Now, online games are not just that, many online game has become the back bone of eSports world. Fans buy tickets to watch their favorite players play live in front of them and cheer to support them, cosplayers put on their favorite character’s costume and gather together and let the photographer take photos of them. 
For brands and fans, eSports offers something that most traditional sports cannot—nearly unprecedented access to star players. This mostly occurs online, where players routinely interact with fans via social media or with YouTube videos. - E.J. Schultz
The sense of belonging and feeling needed are very strong when it on eSports event and people cannot stop loving it. 
Meanwhile in Japan, Romance Simulation Games a.k.a. Otome Games are really popular among the ladies, especially with married ladies. In Otome games,  the usual objective is to fall in love. Player can have multiple boyfriends at one time and decide on the interaction with boyfriends that decided the fate of the game.
One of the many reasons on why this genre of games are so popular are Japanese ladies are being afraid of having judge by the society because of having an affair, so by playing Otome games that offer virtual relationship will be able to fulfill the need of belonging to the ladies. 
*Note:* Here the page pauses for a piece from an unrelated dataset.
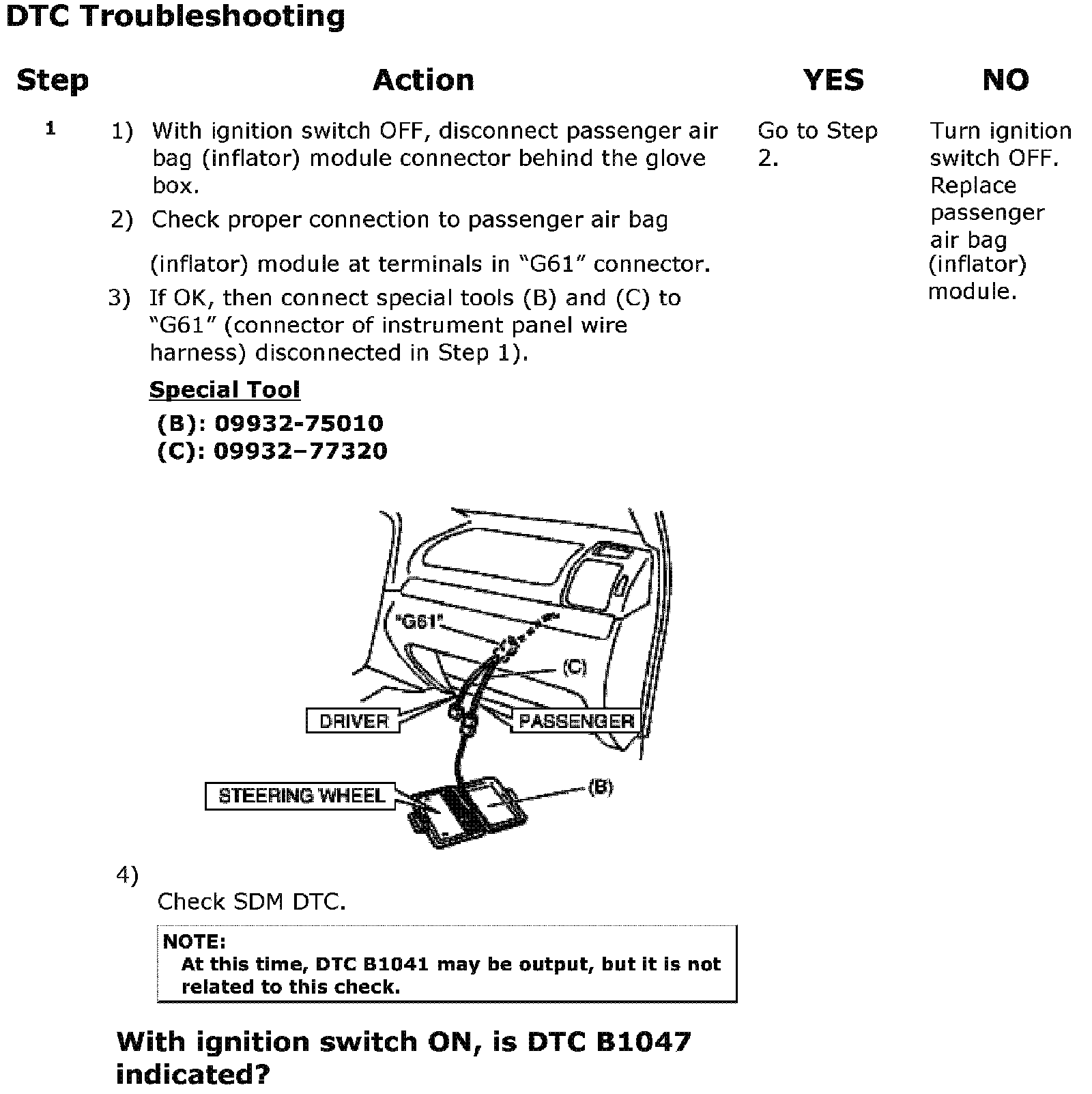 DTC B1047 (No. 1047): Passenger Air Bag (2nd Stage) Initiator Circuit Short to GroundWiring Diagram:

Each character have their own story which give them some depth. So some people can find a character more attractive than real man. -Ai Aizawa
The first simulation game that focus romance was appeared on 1994, it was called “Angelique” by Koei Co. and made for Super Nintendo. After that, successor games such as Messiah’s “The Maiden of Albarea” launched in 1997 and E3 Staff’s “Graduation M” in 1998 further diversified the genre by adding in elements of fantasy, history, and adventure. Otome games are so popular nowadays, produced on most gaming system like Playstation, Nintendo DS, PSP, PS VITA and smart phones. This market makes $135 million per year and with the popularity of Otome games raising, Japanese game retailer even designate a shelf purely for “games targeted at women”.
Reference: http://adage.com/article/news/e-sports/308447/
https://www.vice.com/en_us/article/this-is-what-esports-will-be-like-in-2016-435 
http://www.netaddiction.co.nz/whygames.html 
http://onlinelibrary.wiley.com/doi/10.1111/j.1083-6101.2004.tb00229.x/full 
http://journals.sagepub.com/doi/abs/10.1177/0263276409103132
https://broadly.vice.com/en_us/article/my-sensual-journey-into-japans-90-million-fake-anime-boyfriend-market
https://sites.duke.edu/unsuitable/otome-games/
https://www.facebook.com/aljazeera/videos/10155211829673690/
https://www.youtube.com/watch?v=D2M4ICwmhxU
Conclusion:  To attain the sense of belonging, people will play games.
If the above is true then the following could be helpful when developing video games in the future as an artist:
have good character and environment design and drawing skills.
knowledge of  shading/lighting technique.
play games and look out there and see what other artists are doing.